◆ **WORK TO COMPLETE**:
An exact copy of the lines from the top of the data through the line with "Calvin Klein Men’s" is what you should give, with no pictures in it.
——
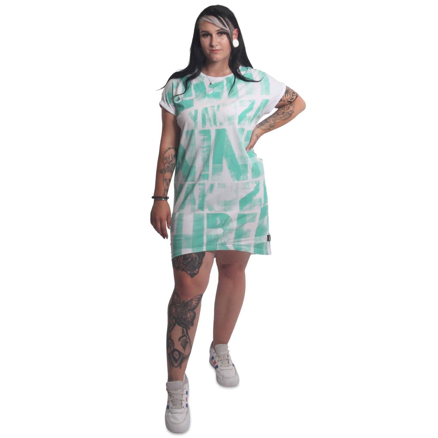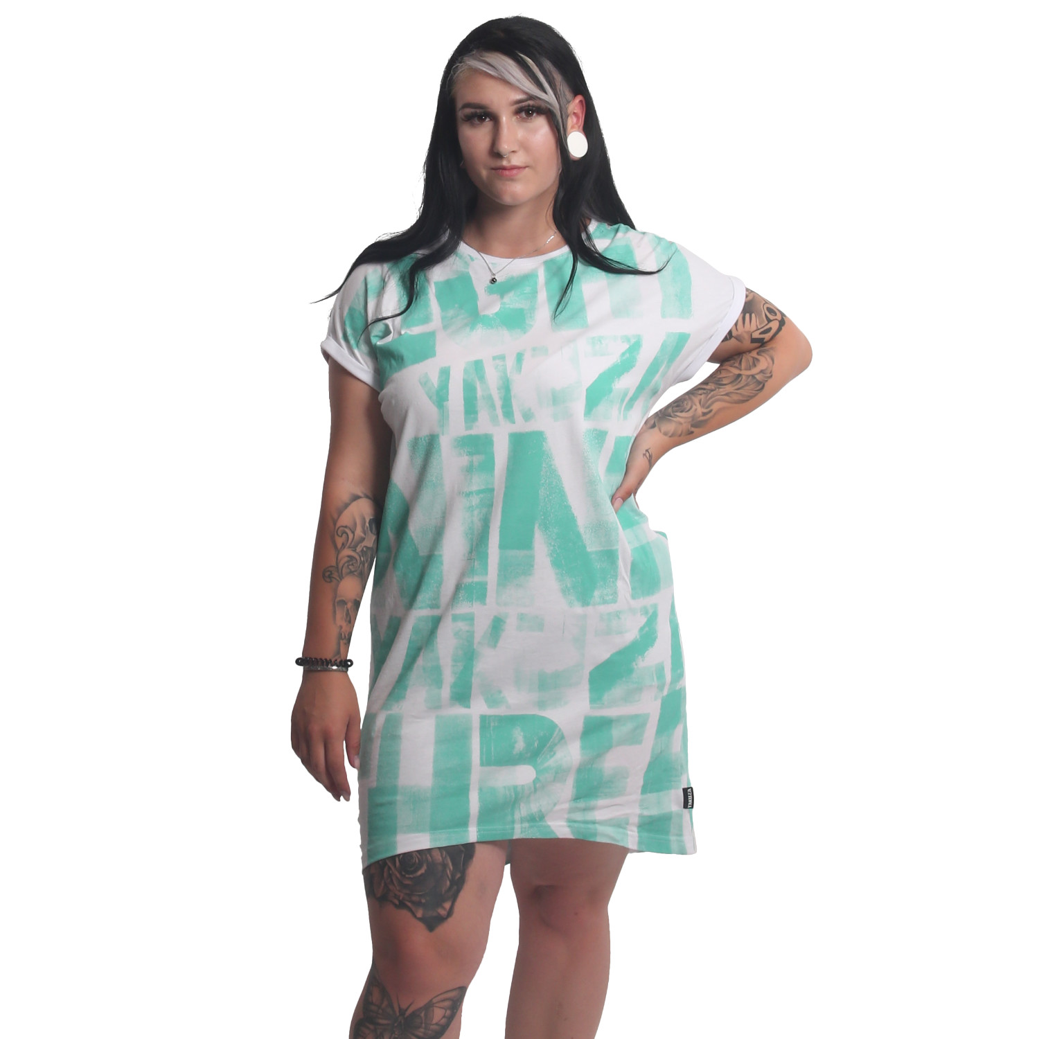 YAKUZA BRANDED Kleid für Damen. Das perfekte Teil für den Alltag in dieser Saison. Dieses bequeme, superweiche T-Shirt-Kleid präsentiert sich in lässiger Passform - Nicht zu eng, nicht zu weit, genau richtig. Ausgestattet mit Rundhalsausschnitt und kurzen Ärmeln sowie abgerundetem, auf der Rückseite verlängertem Saum. Vervollständigt mit Alloverprint sowie einem Logoetikett an der Seitennaht. Bitte beachte die Größenangaben und unsere Waschanleitung.
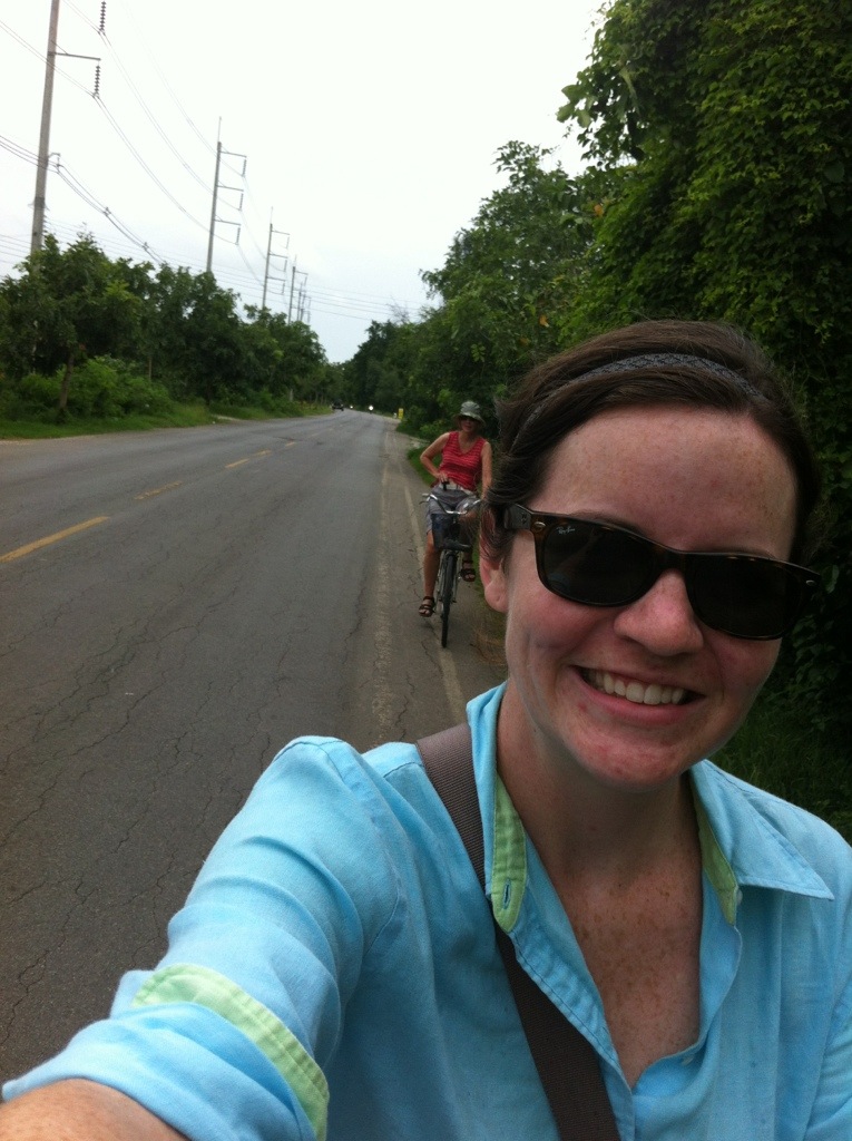 We crossed the river and biked out in the Thai countryside. We were kind of looking for this temple in a cave, but we felt we didn’t have enough time to get there and back. So we just cruised, passed the odd road side stand, saw some farmers working in their race paddies and gardens and cows just hanging out.
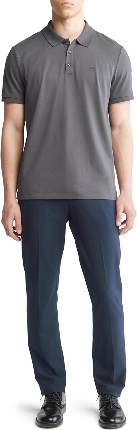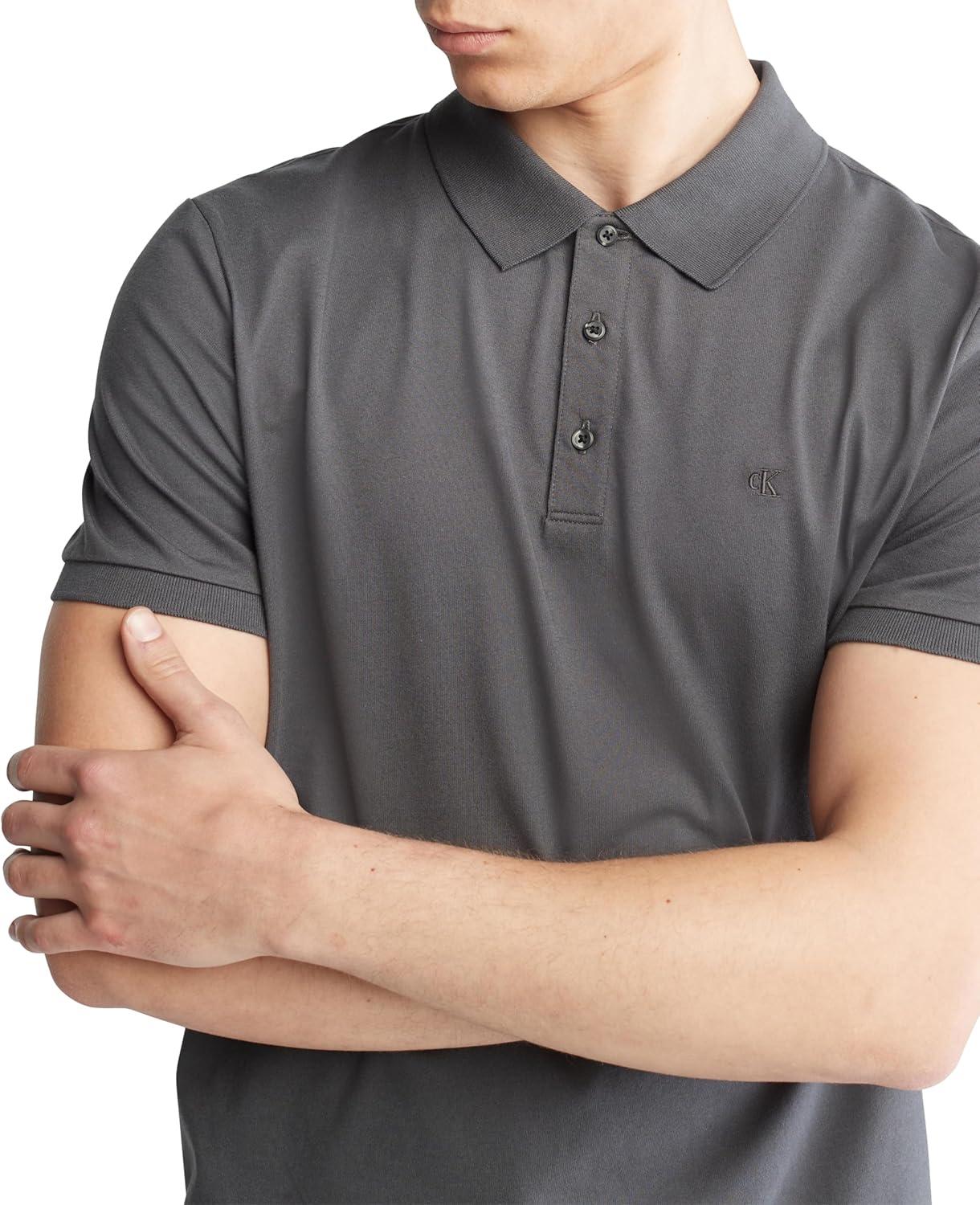 Calvin Klein Men’s Smooth Cotton Monogram Logo Polo Shirt(Forged Iron)
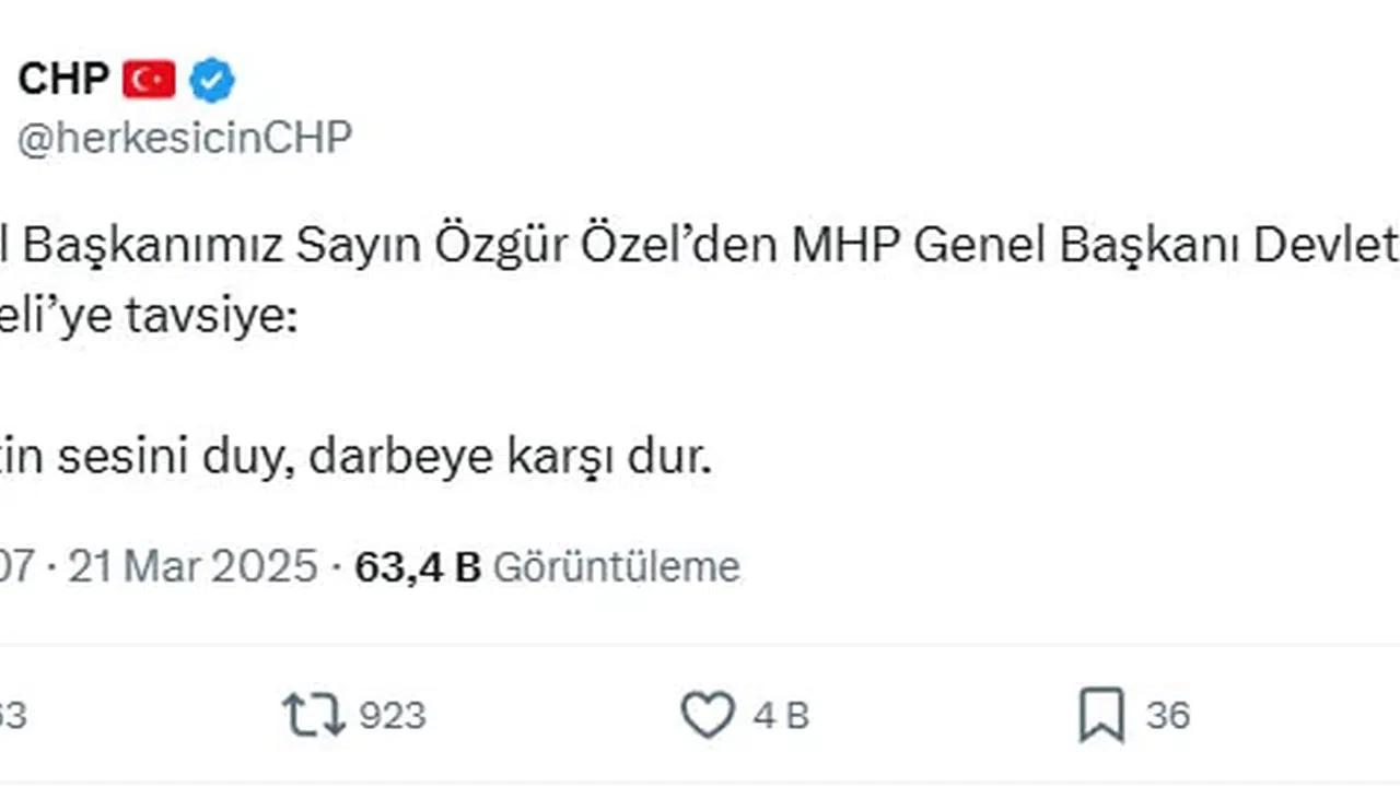 MHP'nin paylaşımı sonrası CHP'den de açıklama geldi. CHP'nin sosyal medya hesabından yapılan paylaşımda, "Genel Başkanımız Sayın Özgür Özel'den MHP Genel Başkanı Devlet Bahçeli'ye tavsiye; Milletin sesini duy, darbeye karşı dur" ifadeleri kullanıldı. (DHA)
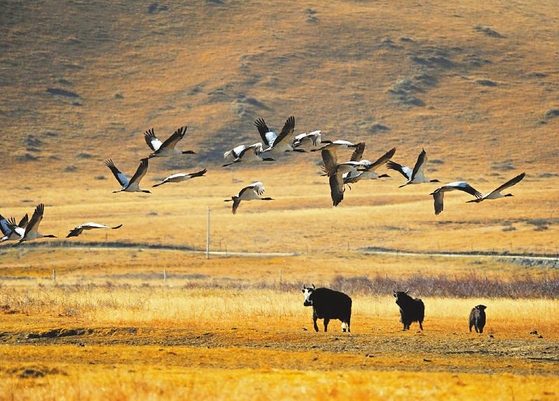 黑頸鶴是世界上唯一生長、繁衍在高原的鶴類。每年3月中下旬,在云貴高原越冬的黑頸鶴就開始陸續(xù)遷徙到紅原、若爾蓋等地繁衍生息。等到11月氣溫下降,這些黑頸鶴又將再次南遷。
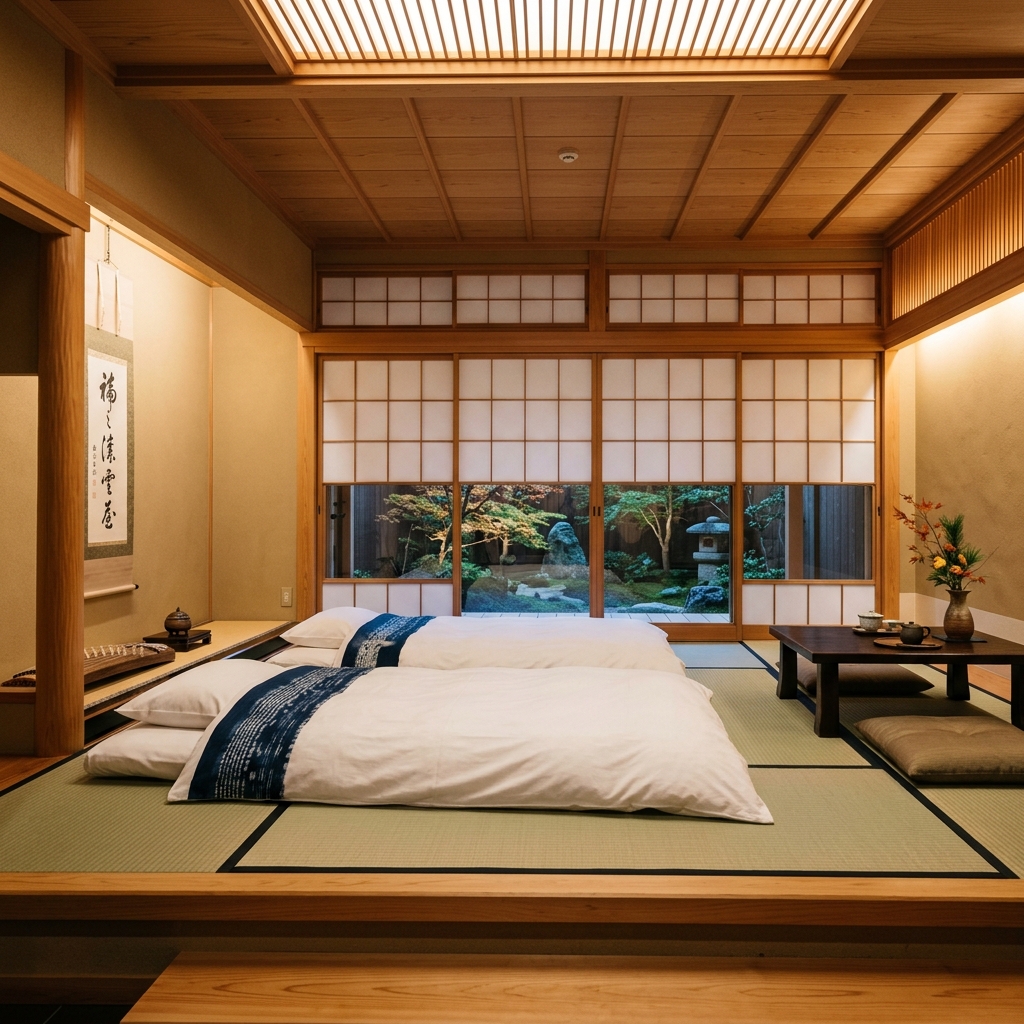 畳の香りが心地よく漂う、広々とした和室。 大きな障子から差し込む柔らかな光が、お部屋を優しく包みます。 寝具には最高級の羽毛布団を用意し、深い眠りへと誘います。
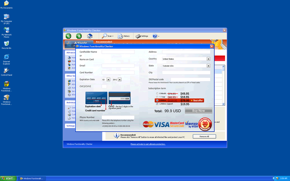 Windows Functionality Checker was only noted as a danger in February of 2012, but Windows Functionality Checker's family of scamware is significantly older than this date and extends back to 2011. Similar programs from Windows Functionality Checker's classification include, for just a few examples, Privacy Guard Pro, Extra Antivirus, Fast Antivirus 2009, Presto TuneUp, Windows Security Suite, Smart Virus Eliminator, Packed.Generic.245, Volcano Security Suite, Windows Enterprise Suite, Enterprise Suite, Additional Guard, Live PC Care, PC Live Guard, Live Enterprise Suite, Security Antivirus, My Security Wall, CleanUp Antivirus, Smart Security and PrivacyGuard Pro 2.0. You should treat all of these members of the FakeVimes family of rogue security products to be just as hostile to your PC as Windows Functionality Checker would be and remove them with a similar application of anti-malware software.
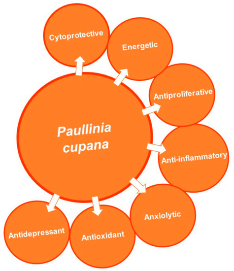 Paullinia cupana (guarana) is a Brazilian plant (subfamily Sapindoideae) known for its stimulant and medicinal properties [3,4]. Guarana has been associated with diverse pharmacological properties, such as antiproliferative [5], anti-inflammatory [6], antioxidant, and cardioprotective [4,7,8]. Moreover, it would have cytoprotective [4], energetic, thermogenic [9], antidepressant [10], and anxiolytic [11] qualities (Figure 1). This natural product is commonly consumed by dissolving the powder of its seeds in water or in association with other herbal drugs. Currently, guarana is exploited on a large scale by food supplements and the soft drinks industry for its effects on physical performance and body mass control [4].
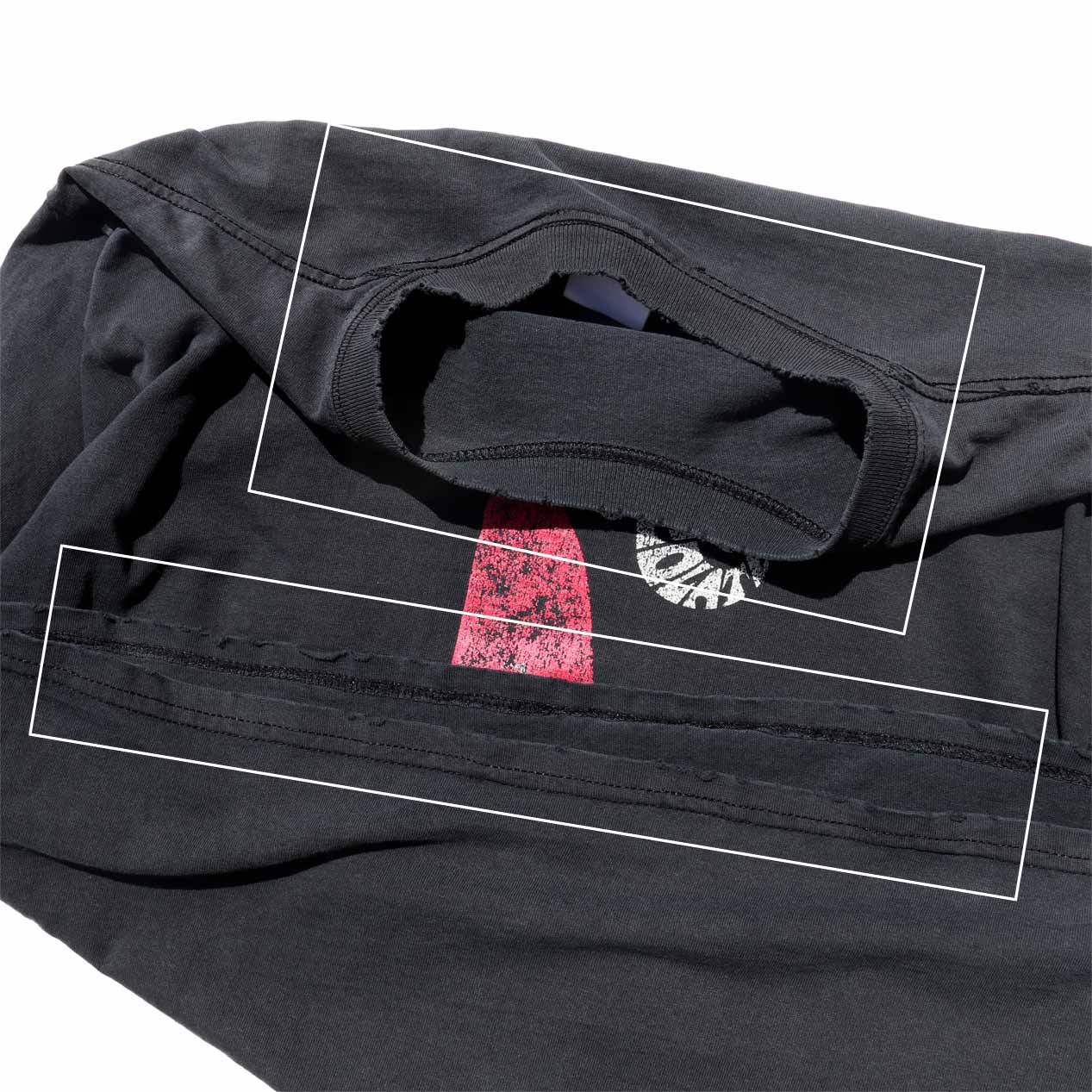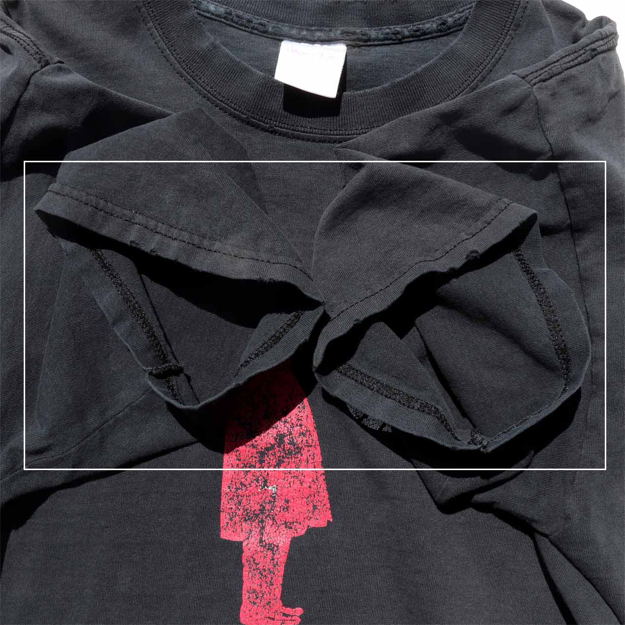 ・全体: 着用感、色褪せ、首リブ・袖口・身頃裾にスレ破れ、プリントカスレ
——
◆ **COMPLETED EXERCISE**:
 YAKUZA BRANDED Kleid für Damen. Das perfekte Teil für den Alltag in dieser Saison. Dieses bequeme, superweiche T-Shirt-Kleid präsentiert sich in lässiger Passform - Nicht zu eng, nicht zu weit, genau richtig. Ausgestattet mit Rundhalsausschnitt und kurzen Ärmeln sowie abgerundetem, auf der Rückseite verlängertem Saum. Vervollständigt mit Alloverprint sowie einem Logoetikett an der Seitennaht. Bitte beachte die Größenangaben und unsere Waschanleitung.
 We crossed the river and biked out in the Thai countryside. We were kind of looking for this temple in a cave, but we felt we didn’t have enough time to get there and back. So we just cruised, passed the odd road side stand, saw some farmers working in their race paddies and gardens and cows just hanging out.
 Calvin Klein Men’s Smooth Cotton Monogram Logo Polo Shirt(Forged Iron)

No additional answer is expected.